WHAT TO WORK ON >> After finding the line with "Ông Ng. cho" in the data below, set down exactly each line through the one with "HPLC-MS/MS (MRM acquisition", inclusive, and stop there.

*** Opening TASK DATA ***

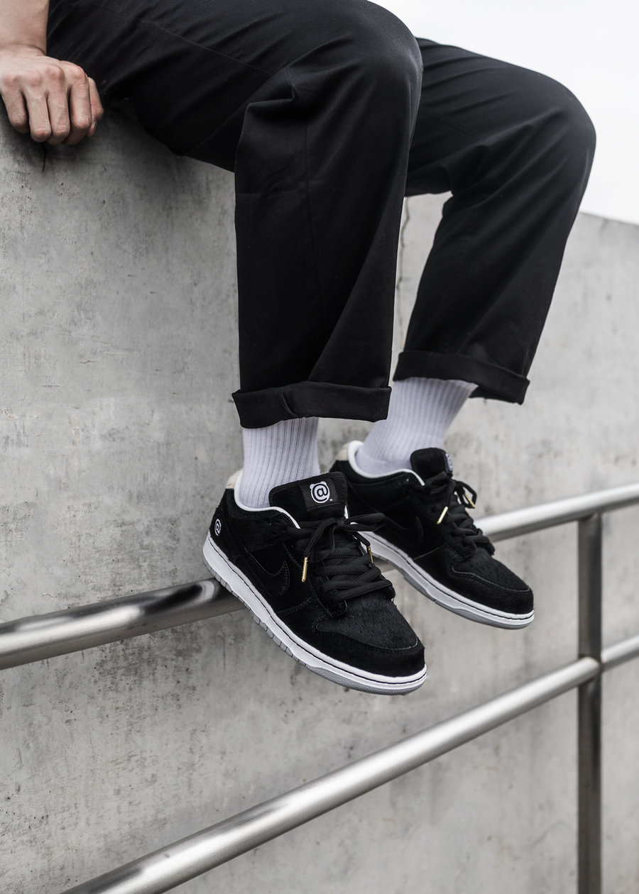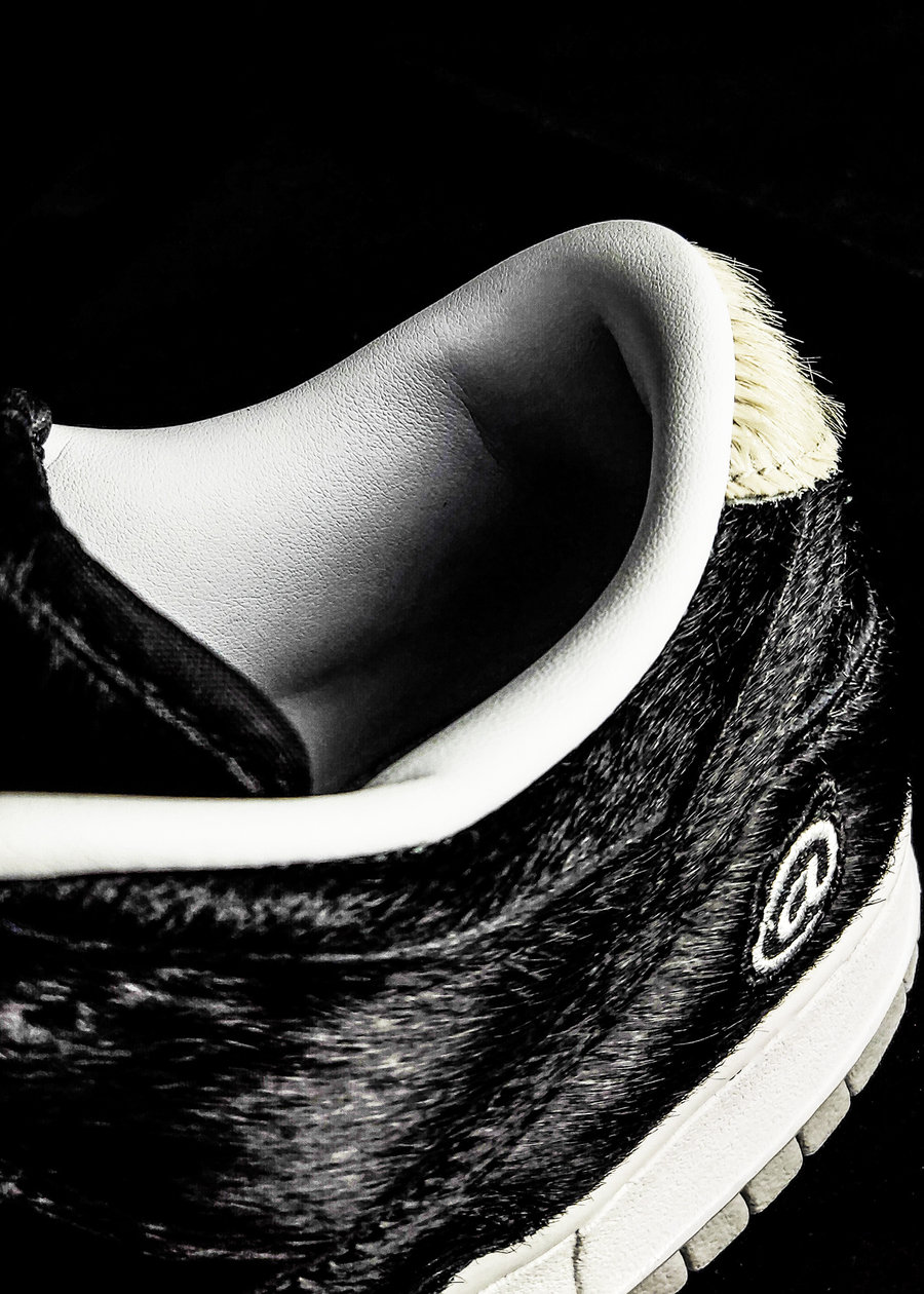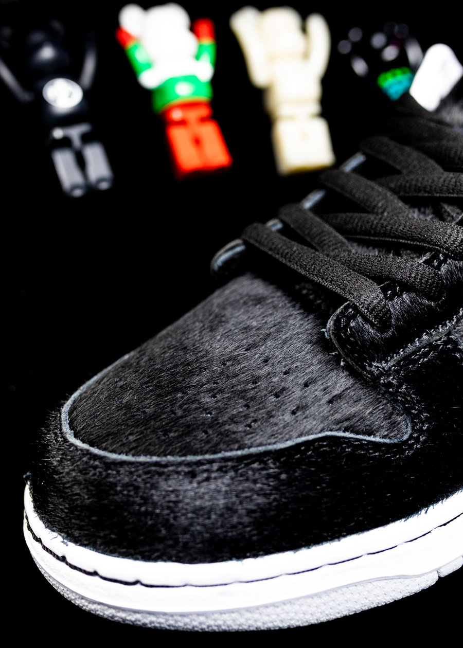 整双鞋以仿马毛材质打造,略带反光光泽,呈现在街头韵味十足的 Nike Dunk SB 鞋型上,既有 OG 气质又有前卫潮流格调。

*** Closing TASK DATA ***
*** Opening TASK DATA ***

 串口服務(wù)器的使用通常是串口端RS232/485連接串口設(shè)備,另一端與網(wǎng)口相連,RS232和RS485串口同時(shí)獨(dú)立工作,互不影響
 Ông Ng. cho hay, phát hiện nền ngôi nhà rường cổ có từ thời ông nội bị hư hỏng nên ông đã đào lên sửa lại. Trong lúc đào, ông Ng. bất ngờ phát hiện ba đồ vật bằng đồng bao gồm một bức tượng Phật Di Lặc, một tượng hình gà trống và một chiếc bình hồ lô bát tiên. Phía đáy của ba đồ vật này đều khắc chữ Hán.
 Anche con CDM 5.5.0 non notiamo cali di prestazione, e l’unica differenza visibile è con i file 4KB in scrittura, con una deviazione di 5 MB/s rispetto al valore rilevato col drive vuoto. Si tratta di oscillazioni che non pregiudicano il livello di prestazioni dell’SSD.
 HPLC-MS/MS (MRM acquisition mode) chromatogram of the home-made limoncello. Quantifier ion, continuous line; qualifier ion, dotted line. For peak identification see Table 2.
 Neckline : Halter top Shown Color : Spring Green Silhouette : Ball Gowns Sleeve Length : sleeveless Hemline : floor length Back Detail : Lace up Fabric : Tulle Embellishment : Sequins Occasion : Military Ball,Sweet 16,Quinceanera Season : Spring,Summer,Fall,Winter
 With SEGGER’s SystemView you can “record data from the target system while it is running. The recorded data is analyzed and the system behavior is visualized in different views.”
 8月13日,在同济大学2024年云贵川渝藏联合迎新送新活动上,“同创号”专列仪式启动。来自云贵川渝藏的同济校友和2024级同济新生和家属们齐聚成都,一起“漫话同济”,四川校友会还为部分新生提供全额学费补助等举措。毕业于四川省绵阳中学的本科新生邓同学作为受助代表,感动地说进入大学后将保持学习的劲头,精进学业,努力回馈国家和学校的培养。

*** Closing TASK DATA ***
*** Opening TASK DATA ***

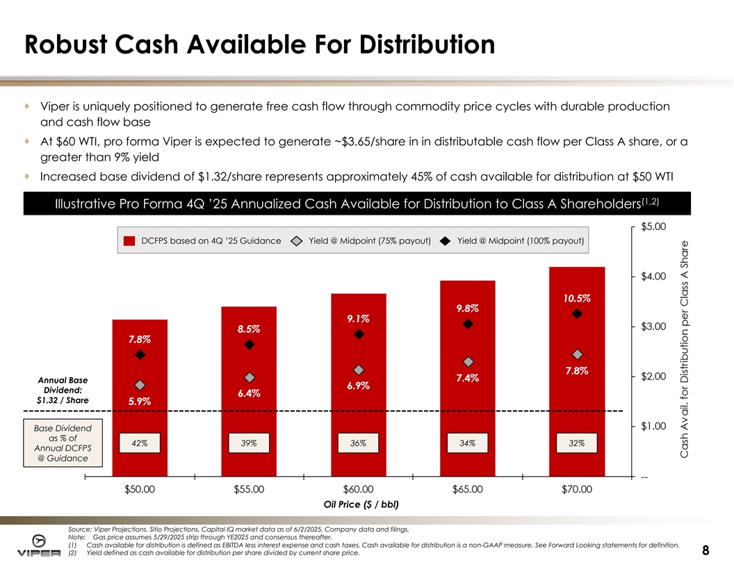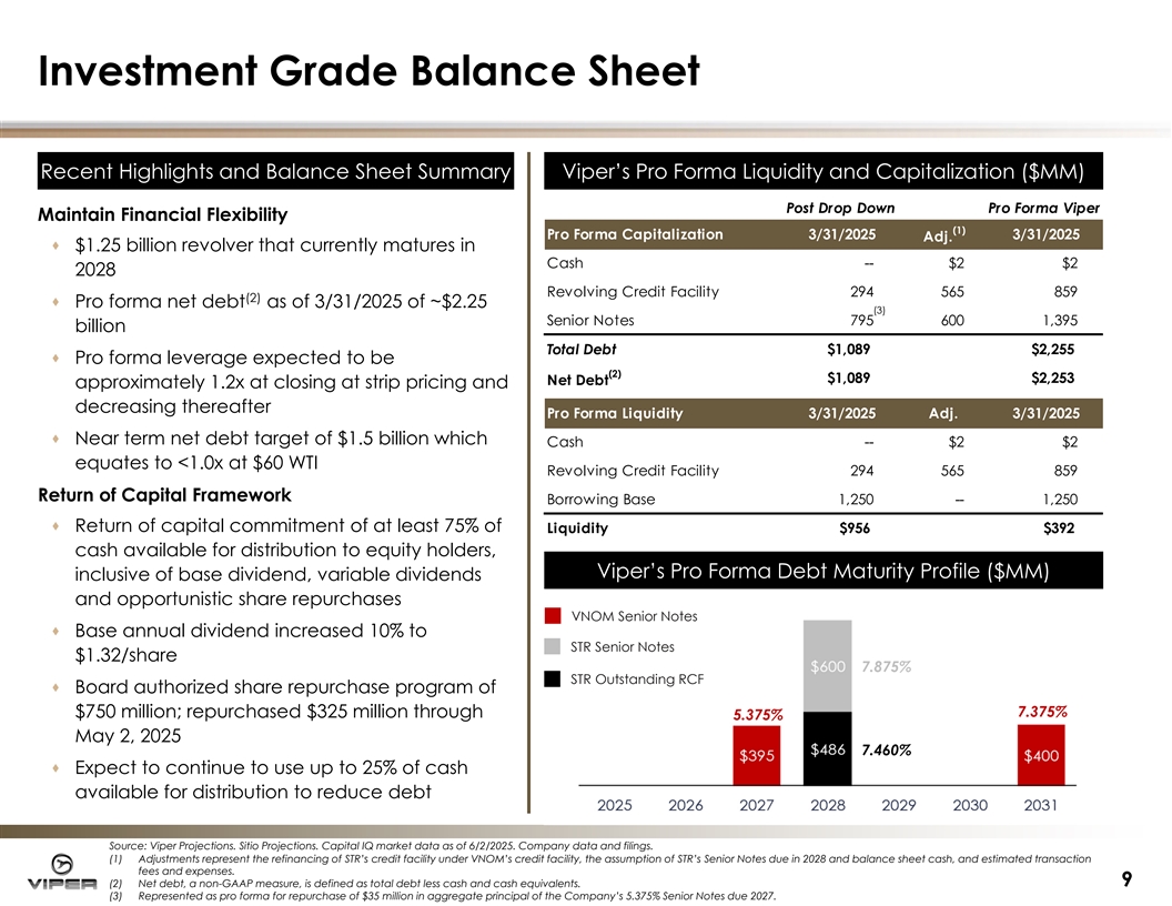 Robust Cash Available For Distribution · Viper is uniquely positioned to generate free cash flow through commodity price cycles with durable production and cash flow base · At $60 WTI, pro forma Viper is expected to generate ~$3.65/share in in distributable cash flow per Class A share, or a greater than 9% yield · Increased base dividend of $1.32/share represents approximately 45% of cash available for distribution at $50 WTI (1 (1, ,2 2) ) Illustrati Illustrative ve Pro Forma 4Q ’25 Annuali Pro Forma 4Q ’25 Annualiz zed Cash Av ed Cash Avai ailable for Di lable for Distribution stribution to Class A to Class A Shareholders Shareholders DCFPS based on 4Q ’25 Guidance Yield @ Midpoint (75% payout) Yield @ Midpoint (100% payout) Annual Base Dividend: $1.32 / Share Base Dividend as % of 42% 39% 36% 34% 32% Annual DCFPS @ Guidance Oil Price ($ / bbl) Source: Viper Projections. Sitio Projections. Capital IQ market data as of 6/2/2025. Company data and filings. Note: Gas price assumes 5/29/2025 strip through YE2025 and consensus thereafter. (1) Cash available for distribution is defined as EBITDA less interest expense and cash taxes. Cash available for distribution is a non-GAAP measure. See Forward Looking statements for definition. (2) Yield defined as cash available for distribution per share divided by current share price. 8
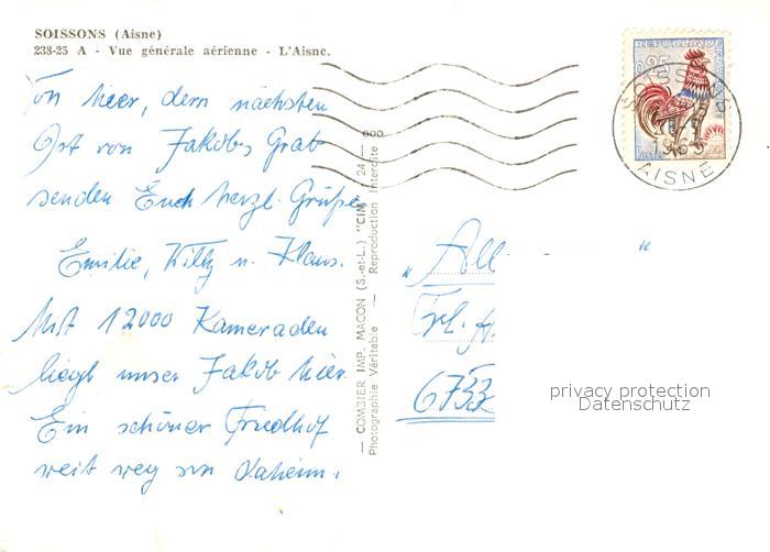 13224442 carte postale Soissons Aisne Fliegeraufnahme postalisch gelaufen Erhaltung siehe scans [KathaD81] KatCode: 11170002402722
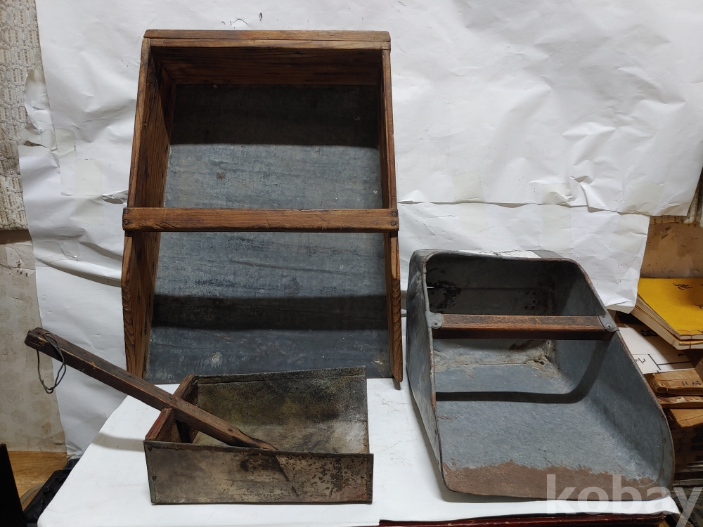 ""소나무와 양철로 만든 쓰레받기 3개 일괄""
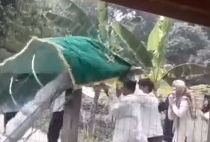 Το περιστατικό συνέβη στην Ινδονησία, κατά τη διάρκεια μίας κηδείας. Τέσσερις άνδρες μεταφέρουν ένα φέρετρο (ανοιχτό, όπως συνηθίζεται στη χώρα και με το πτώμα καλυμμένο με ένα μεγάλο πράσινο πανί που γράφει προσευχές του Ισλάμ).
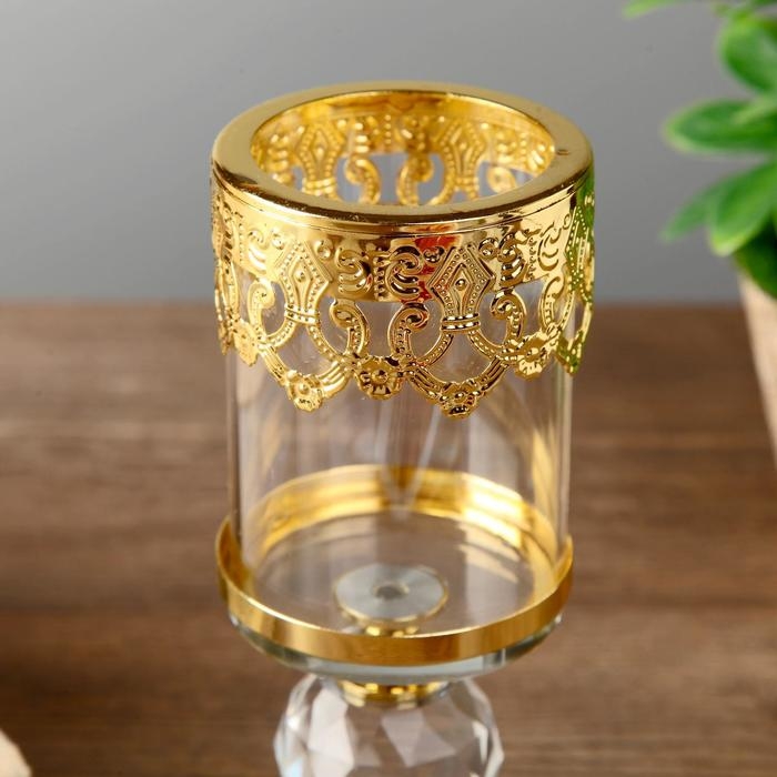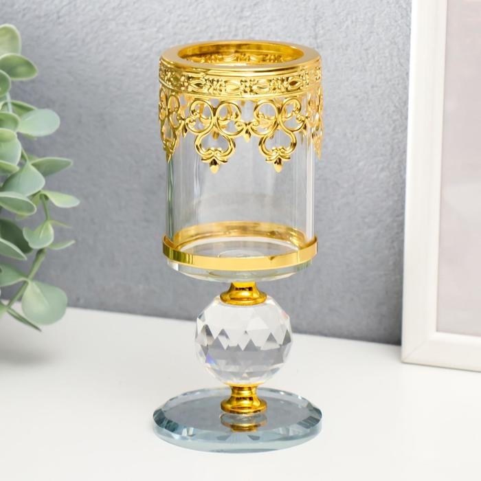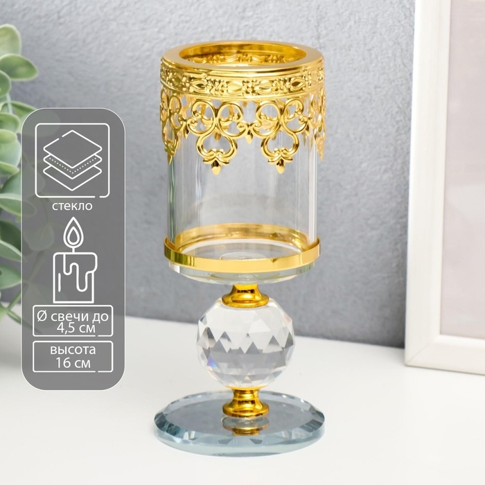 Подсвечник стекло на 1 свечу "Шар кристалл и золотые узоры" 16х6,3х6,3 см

*** Closing TASK DATA ***

SOLUTION >>
 Ông Ng. cho hay, phát hiện nền ngôi nhà rường cổ có từ thời ông nội bị hư hỏng nên ông đã đào lên sửa lại. Trong lúc đào, ông Ng. bất ngờ phát hiện ba đồ vật bằng đồng bao gồm một bức tượng Phật Di Lặc, một tượng hình gà trống và một chiếc bình hồ lô bát tiên. Phía đáy của ba đồ vật này đều khắc chữ Hán.
 Anche con CDM 5.5.0 non notiamo cali di prestazione, e l’unica differenza visibile è con i file 4KB in scrittura, con una deviazione di 5 MB/s rispetto al valore rilevato col drive vuoto. Si tratta di oscillazioni che non pregiudicano il livello di prestazioni dell’SSD.
 HPLC-MS/MS (MRM acquisition mode) chromatogram of the home-made limoncello. Quantifier ion, continuous line; qualifier ion, dotted line. For peak identification see Table 2.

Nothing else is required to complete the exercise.